BEGIN Information provided

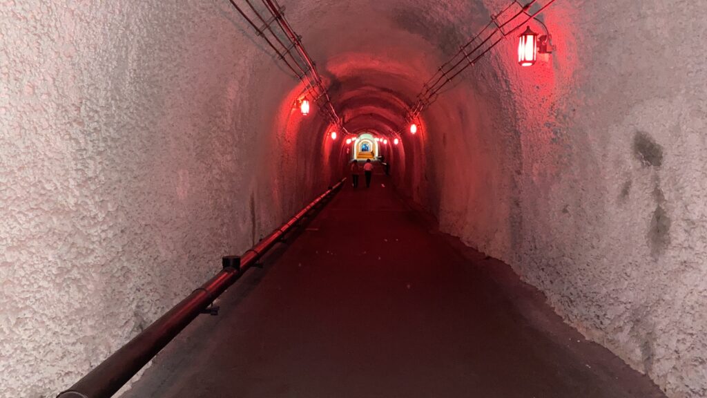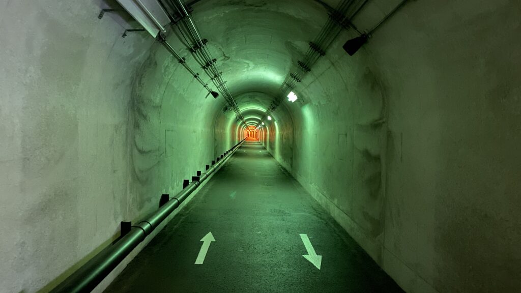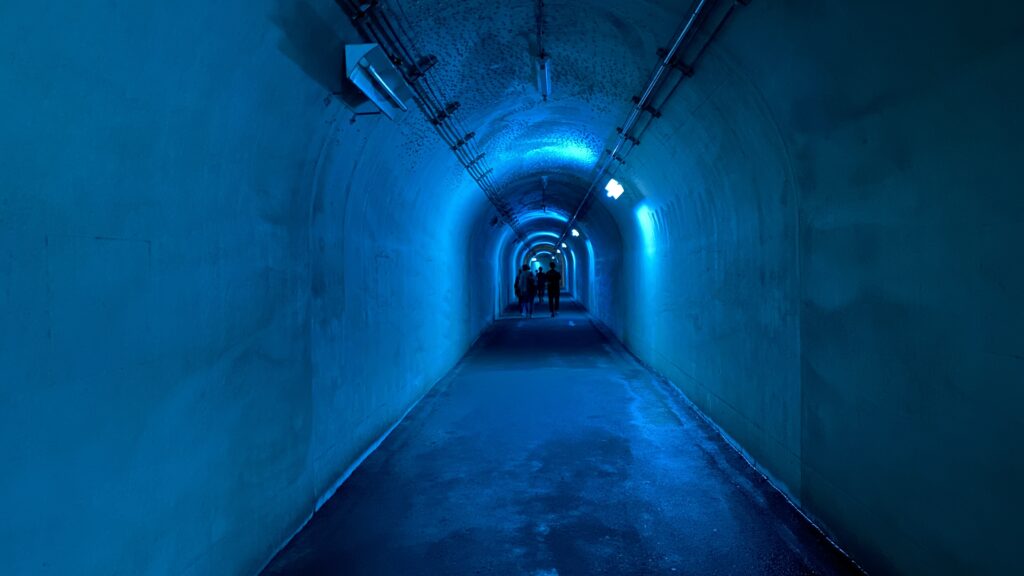 清津峡渓谷トンネルの中は、赤・青・緑のライトアップが施され、歩くたびに違った雰囲気を楽しめます。特に終点にある「鏡のテラス」は、渓谷がガラスに映し出され、まるで渓谷が空中に浮かんでいるかのよう。写真を撮るには絶好のスポットで、私も思わず何枚もシャッターを切りました。また、トンネル内は舗装されており、歩きやすく安全なので家族連れでも安心です。
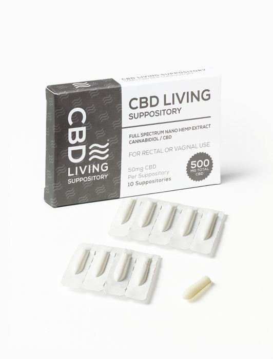 Each box of CBD Living Suppositories contains 10 – 50 mg suppositories.
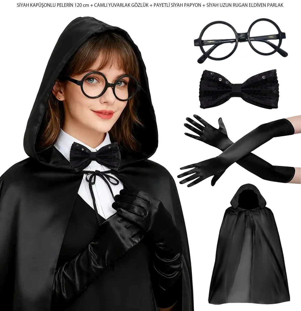 SİYAH KAPÜŞONLU BÜYÜCÜ VE CADI PELERİN KOSTÜM SETİ (4 PARÇA)

END Information provided

The task: Give the listing again word for word. Skip any pictures.

Output:
 清津峡渓谷トンネルの中は、赤・青・緑のライトアップが施され、歩くたびに違った雰囲気を楽しめます。特に終点にある「鏡のテラス」は、渓谷がガラスに映し出され、まるで渓谷が空中に浮かんでいるかのよう。写真を撮るには絶好のスポットで、私も思わず何枚もシャッターを切りました。また、トンネル内は舗装されており、歩きやすく安全なので家族連れでも安心です。
 Each box of CBD Living Suppositories contains 10 – 50 mg suppositories.
 SİYAH KAPÜŞONLU BÜYÜCÜ VE CADI PELERİN KOSTÜM SETİ (4 PARÇA)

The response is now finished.